The basic primitives in Tinybird are data sources and pipes. Data sources store data, pipes transform it.

The llm_events data source in this project is designed to store time series data: LLM call events and all the metadata associated with the call.

Here's the table schema:

DESCRIPTION >
    'Store LLM events with usage metrics, costs, and metadata'

SCHEMA >
    `timestamp` DateTime `json:$.start_time`,
    `organization` String `json:$.proxy_metadata.organization` DEFAULT '',
    `project` String `json:$.proxy_metadata.project` DEFAULT '',
    `environment` String `json:$.proxy_metadata.environment` DEFAULT '',
    `user` String `json:$.user` DEFAULT 'unknown',
    `chat_id` String `json:$.proxy_metadata.chat_id` DEFAULT '',
    `message_id` String `json:$.message_id`,
    `model` LowCardinality(String) `json:$.model` DEFAULT 'unknown',
    `prompt_tokens` UInt16 `json:$.response.usage.prompt_tokens` DEFAULT 0,
    `completion_tokens` UInt16 `json:$.response.usage.completion_tokens` DEFAULT 0,
    `total_tokens` UInt16 `json:$.response.usage.total_tokens` DEFAULT 0,
    `response_time` Float32 `json:$.standard_logging_object_response_time` DEFAULT 0,
    `duration` Float32 `json:$.duration` DEFAULT 0,
    `cost` Float32 `json:$.cost` DEFAULT 0,
    `exception` String `json:$.exception` DEFAULT '',
    `traceback` String `json:$.traceback` DEFAULT '',
    `response_status` LowCardinality(String) `json:$.standard_logging_object_status` DEFAULT 'unknown',
    `messages` Array(Map(String, String)) `json:$.messages[:]` DEFAULT [],
    `response_choices` Array(String) `json:$.response.choices[:]` DEFAULT [],
    `proxy_metadata` String `json:$.proxy_metadata` DEFAULT '',
    `provider` LowCardinality(String) `json:$.provider` DEFAULT 'unknown',
    `llm_api_duration_ms` Float32 `json:$.llm_api_duration_ms` DEFAULT 0,
    `end_time` DateTime `json:$.end_time`,
    `id` String `json:$.id` DEFAULT '',
    `stream` Bool `json:$.stream` DEFAULT false,
    `call_type` LowCardinality(String) `json:$.call_type` DEFAULT 'unknown',
    `api_key` String `json:$.api_key` DEFAULT '',
    `log_event_type` LowCardinality(String) `json:$.log_event_type` DEFAULT 'unknown',
    `cache_hit` Bool `json:$.cache_hit` DEFAULT false,
    `response` String `json:$.response` DEFAULT '',
    `response_id` String `json:$.response.id`,
    `response_object` String `json:$.response.object` DEFAULT 'unknown',
    `embedding` Array(Float32) `json:$.embedding[:]` DEFAULT []

ENGINE "MergeTree"
ENGINE_PARTITION_KEY "toYYYYMM(timestamp)"
ENGINE_SORTING_KEY "timestamp, organization, project, environment, user, chat_id"
ENGINE_PRIMARY_KEY "timestamp, organization, project"

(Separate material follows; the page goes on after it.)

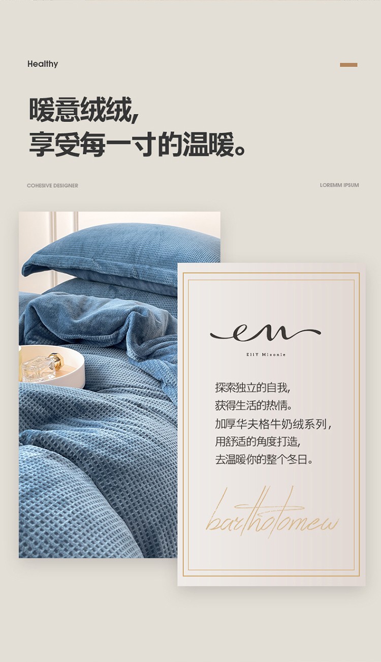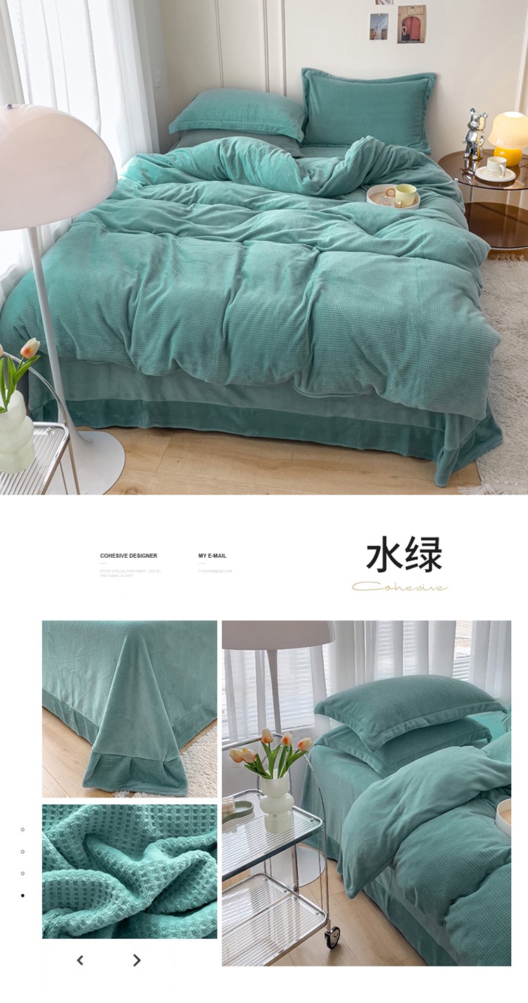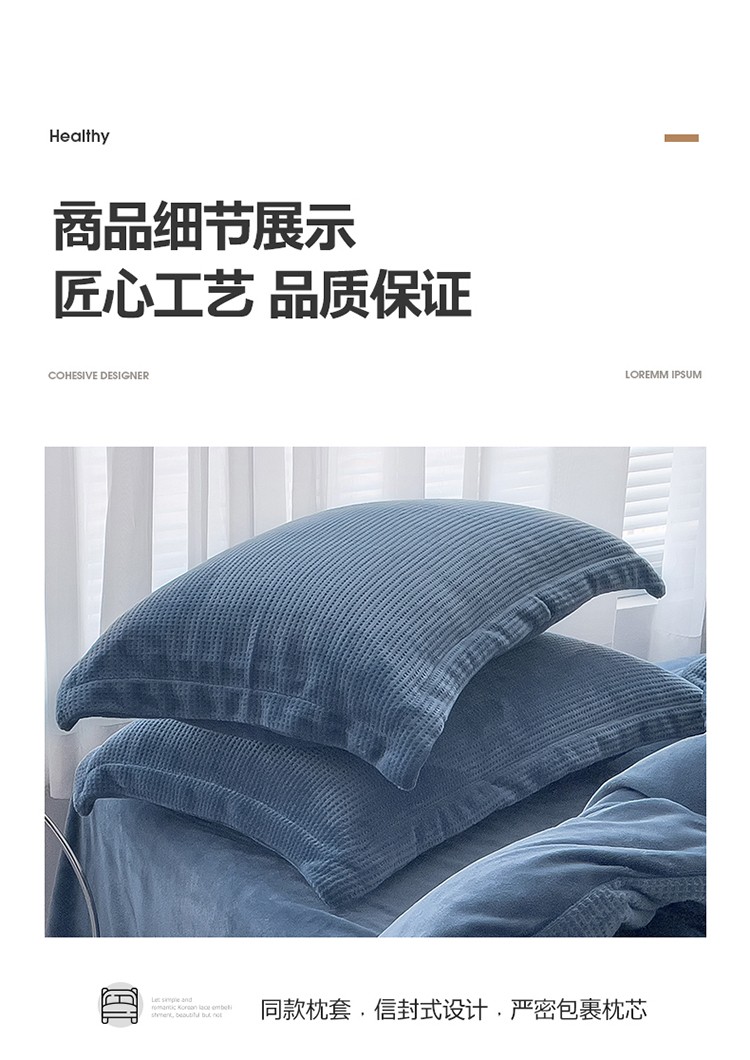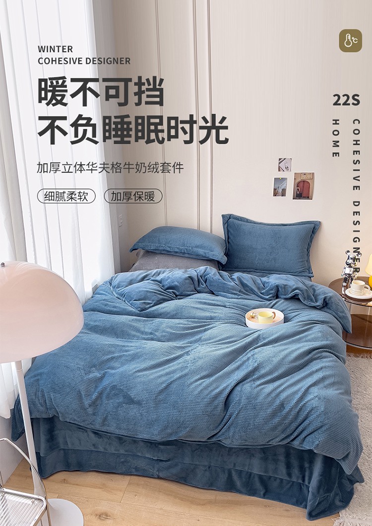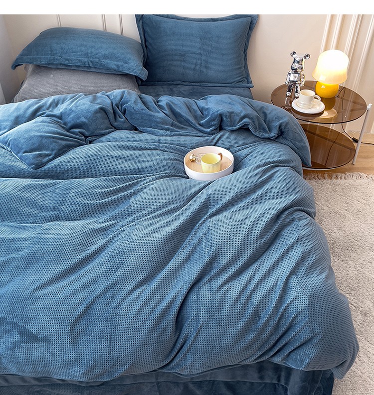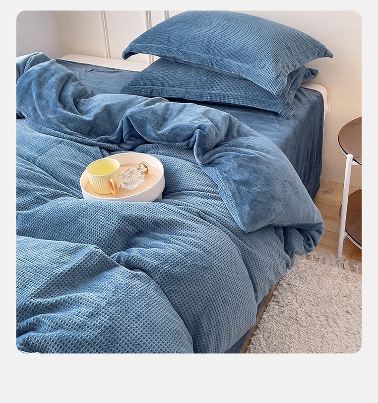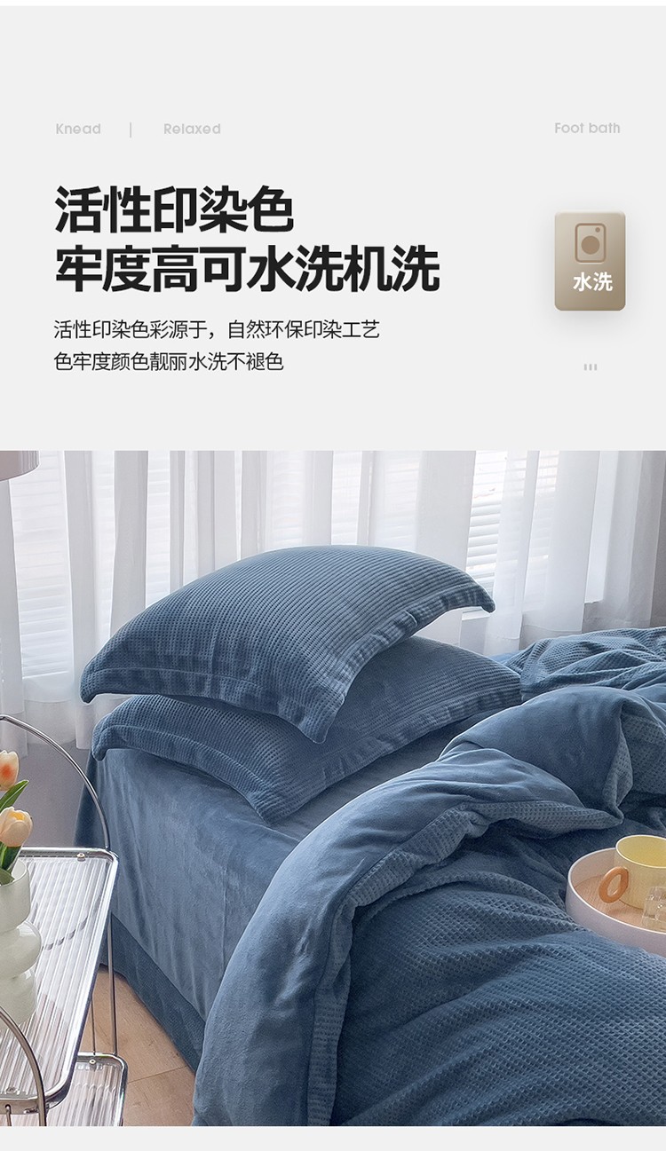 (总)珺柔 2022新款华夫格纯色加厚立体牛奶绒四件套

The llm_usage pipe defines a SQL query to select from the llm_events table. This pipe gets deployed as an API Endpoint, with query parameters defined using the Tinybird templating language:

TOKEN "read_pipes" READ

NODE endpoint
SQL >
    %
    {% if defined(column_name) and column_name not in ['model', 'provider', 'organization', 'project', 'environment', 'user'] %}
        {{ error('column_name (String) query param must be one of the following: model, provider, organization, project, environment, user') }}
    {% end %}
    SELECT
        toDate(timestamp) as date,
        {% if defined(column_name) %}
            toString({{column(column_name, 'model')}}) as category,
        {% end %}
        count() as total_requests,
        countIf(exception != '') as total_errors,
        sum(total_tokens) as total_tokens,
        sum(completion_tokens) as total_completion_tokens,
        sum(prompt_tokens) as total_prompt_tokens,
        sum(cost) as total_cost,
        avg(duration) as avg_duration,
        avg(response_time) as avg_response_time
    FROM llm_events
    WHERE 1
        {% if defined(organization) and organization != [''] %}
        AND organization IN {{Array(organization)}}
        {% end %}
        {% if defined(project) and project != [''] %}
        AND project IN {{Array(project)}}
        {% end %}
        {% if defined(environment) and environment != [''] %}
        AND environment IN {{Array(environment)}}
        {% end %}
        {% if defined(provider) and provider != [''] %}
        AND provider IN {{Array(provider)}}
        {% end %}
        {% if defined(user) and user != [''] %}
        AND user IN {{Array(user)}}
        {% end %}
        {% if defined(model) and model != [''] %}
        AND model IN {{Array(model)}}
        {% end %}
        {% if defined(start_date) %}
        AND timestamp >= {{DateTime(start_date)}}
        {% else %}
        AND timestamp >= now() - interval 7 day
        {% end %}
        {% if defined(end_date) %}
        AND timestamp < {{DateTime(end_date)}}
        {% else %}
        AND timestamp < now()
        {% end %}
    GROUP BY 
    {% if defined(column_name) %}
    category,
    {% end %} 
    date
    order by total_cost desc

TYPE endpoint

A quick explanation of what is happening in this pipe definition:

  • Aggregates LLM usage data (e.g. cost, tokens, requests, etc.) by date and, optionally, by a specified category (e.g. model)
  • Is secured by a read_pipes token
  • Includes dynamic filtering for optionally supplied parameters like model, organization, project, environment, etc.

Once deployed (tb --cloud deploy), we can access this API via HTTP and supply parameters in the URL, for example:

curl -d https://api.tinybird.co/v0/pipes/llm_usage.json?token=$READ_PIPES_TOKEN&column_name=model&provider=openai

This will return a JSON object with time series data containing all of the aggregate metrics grouped by model, filtered only on OpenAI calls.

This API is designed for scalability and speed, and should easily respond in milliseconds even as the number of LLM calls logged grows into the millions.

The time series chart in our dynamic UI fetches data from this API.

Defining an API route to generate structured parameters from user input

The extract-cost-parameters API route is the key piece of AI functionality. The LLM's job is to take the free-text user input, analyze it, and produce a set of structured parameters that can be passed to the Tinybird API.

To do that, it implements the following logic.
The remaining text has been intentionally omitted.